The fourth bill of exceptions is to the admission of William Nixon as a witness for the defendant. This witness declared on his voir dire, that he had a debt against Pauli and Brownfield, which Mackey was to pay in case of his success. It was also proved by Brownfield that Mackey, in consideration of getting the Cold Spring tract, was to pay the debts of the firm of Pauli and Brownfield: that this agreement was made in June 1821 or later, after the dissolution of the firm. Nixon further stated that Mackey never made any promise to him. It would seem therefore that Nixon, in giving evidence to promote the success of Mackey, was aiding to preserve a fund for the payment of his own debt, which fund he will lose if the plaintiff recovers. _ He has therefore a direct interest in the defendant’s success in making out a title to this tract of land, since on that thc-paymcnt *125of his ’ debt by Mackey depends. There was error therefore in his admission to testify on behalf of the defendant.

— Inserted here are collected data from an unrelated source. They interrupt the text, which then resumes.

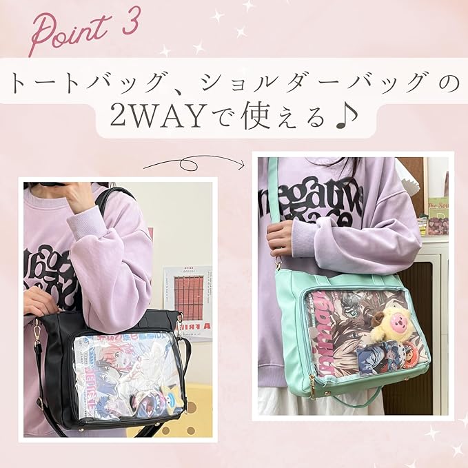 [ハルジオ] 痛バッグ ショルダー 痛バ トート 推し活バッグ ショルダーバッグ トートバッグ ハンドバッグ 2WAY 痛バック 可愛い いたばっく いたば 推し活 バッグ グッズ ぬいぐるみ 鞄 黒 白 紺 緑 紫 人気 シート 付属 おしゃれ かわいい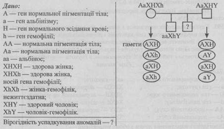 За фенотипом вірогідність народження темноволосої здорової дівчинки становить 37,5%; світловолосої здорової дівчинки — 12,5%; темноволосого здорового хлопчика — 18,75%; світловолосого здорового хлопчика — 6,25%; темноволосого хлопчика-гемофіліка — 18,75%; світловолосого хлопчика-гемофіліка — 6,25%.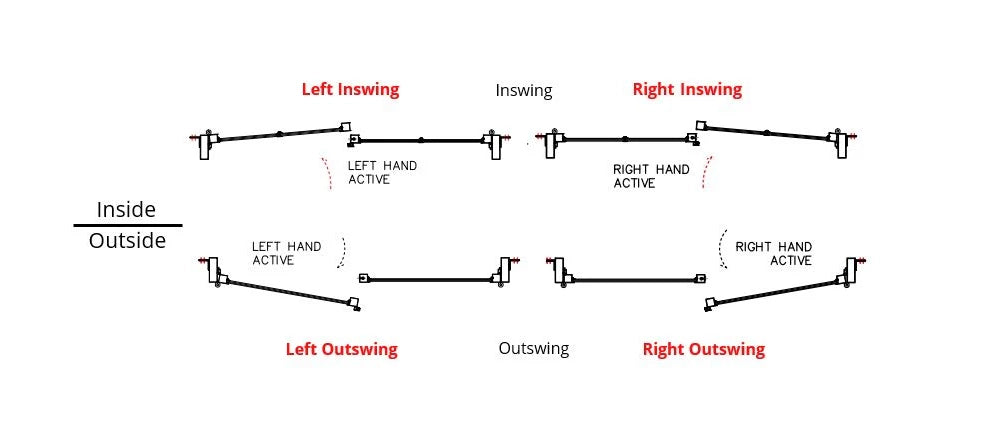 When facing the outside, a door that open from the interior of the house is an inswing. If the door opens from the exterior, it is an outswing. Second, if the hinges are on the left, the door is left handed. If the hinges are on the right, it is right handed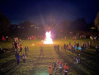 Nach dem Gottesdienst zogen alle gemeinsam mit ihren tollen Laternen durch Dierdorf, bis sie schließlich am Kindergarten ankamen. Dort wurde das große Martinsfeuer entzündet und es gab Brezeln und Getränke für Groß und Klein.

The fifth, sixth and seventh bills of exceptions embrace evidence offered by the defendant and admitted by the court, to show acts and opinions and declarations of the plaintiff going to prove that he had rescinded his contract with William Pauli, and abandoned the title acquired under his deed. If a title by deed could be divested by proof of this kind, real estate would be held by a very loose tenure indeed. Let it be supposed that a party having a complete title should think he has no right, and under this impression seek to strengthen it by acquiring additional muniments; or being mistaken in a question of law of difficult solution, should declare he had no title: would evidence of all this take away his title? Unquestionably not: this evidence would leave things just where they were before: the written title remains. It is to guard against such modes of settling questions of title to real estate that the act of assembly of 1772, for the prosecution of frauds and perjuries, expressly forbids parol grants, assignments, or surrenders of interests in land. It was improper therefore to receive the evidence contained in the deposition of J. B. Trevor of the plaintiff’s procuring an assignment of a judgment against William Pauli, under the idea that it was a lien against his interest in the tract in dispute, with directions to levy on it. So also the plaintiff’s claiming the St John’s Furnace was irrelevant to the question of his title to the Cold Spring land, under his deed. He might really remain the owner of the St John’s Furnace lands, &c. because William Pauli had not complied with his contract; or he may since have acquired another title to it; or he might have mistaken his right in contracting to sell it. Its introduction in this cause could only embarrass by leading into a trial of the plaintiff’s title to St John’s Furnace, a matter irrelevant to the issue trying; or present a fact of doubtful complexion, from which the strongest inference that could be drawn would be that the plaintiff supposed he had a title to the Furnace lands, and contracted to sell them — an inference of no consequence in this suit. I am therefore of opinion that the court erred in receiving the evidence objected to in the fifth, sixth and seventh bills of exceptions.

The eighth, ninth and tenth errors assigned are embraced in the former part of this opinion, and need not be again referred to.

Judgment reversed, and a venire facias de novo awarded.